Aim of the exercise
Your answer must be the lines from the one containing "Em nogueira, folheado" through the last line below, copied exactly, with no pictures.

Data below Start Marker

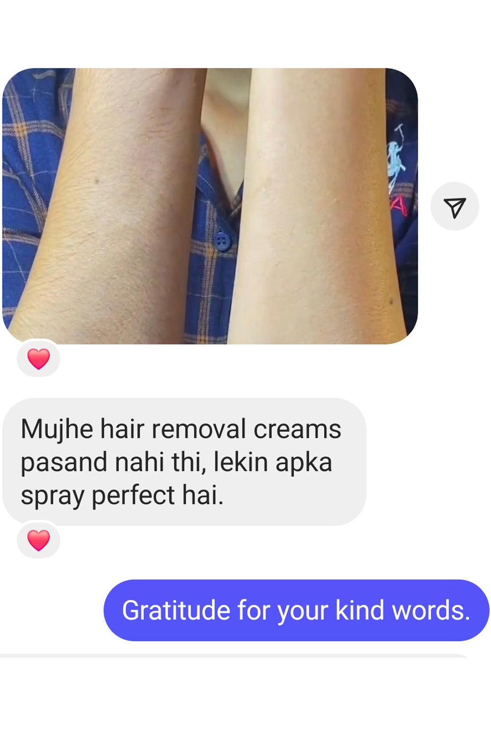 Formulated with 100% natural herbal ingredients, this spray gently removes unwanted hair without pain, irritation, or harsh chemicals.
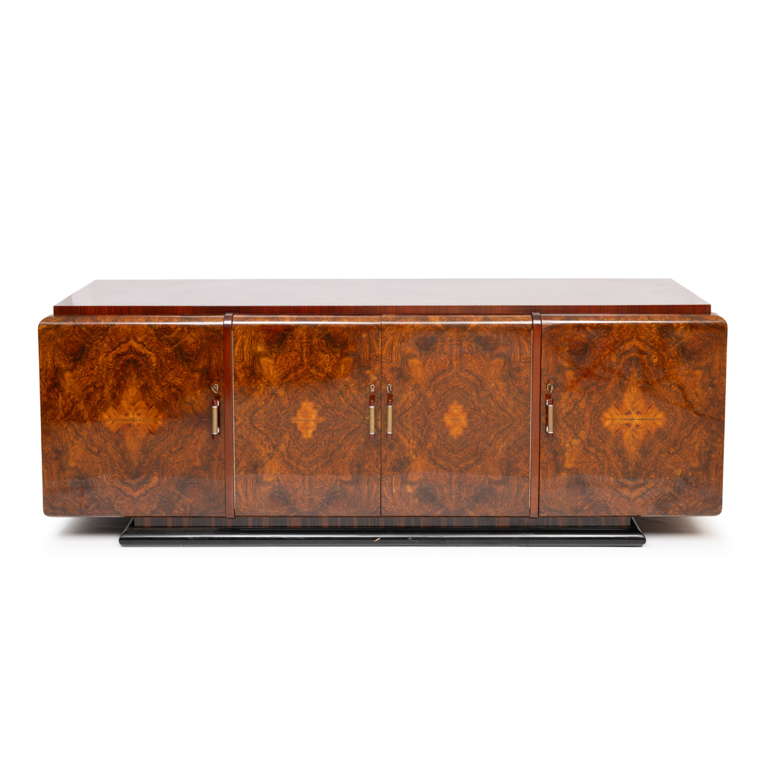 Em nogueira, folheado a nogueira e raiz de nogueira, de quatro portas, ferragens em metal prateado e baquelite. Pequenas falhas e pequenos defeitos.
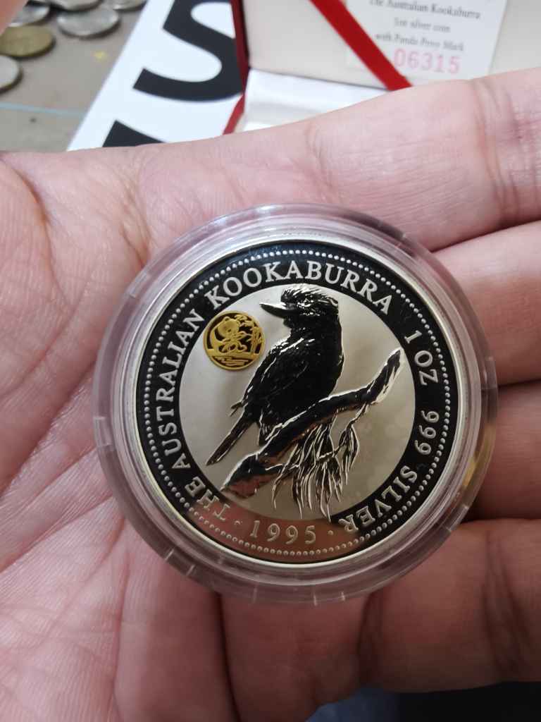 1995年澳大利亚笑翠鸟1盎司银币 镶纯金熊猫印记 1盎司纯银+0.5克纯金 ,如图,1600包邮

Data below End Marker

Reply
 Em nogueira, folheado a nogueira e raiz de nogueira, de quatro portas, ferragens em metal prateado e baquelite. Pequenas falhas e pequenos defeitos.
 1995年澳大利亚笑翠鸟1盎司银币 镶纯金熊猫印记 1盎司纯银+0.5克纯金 ,如图,1600包邮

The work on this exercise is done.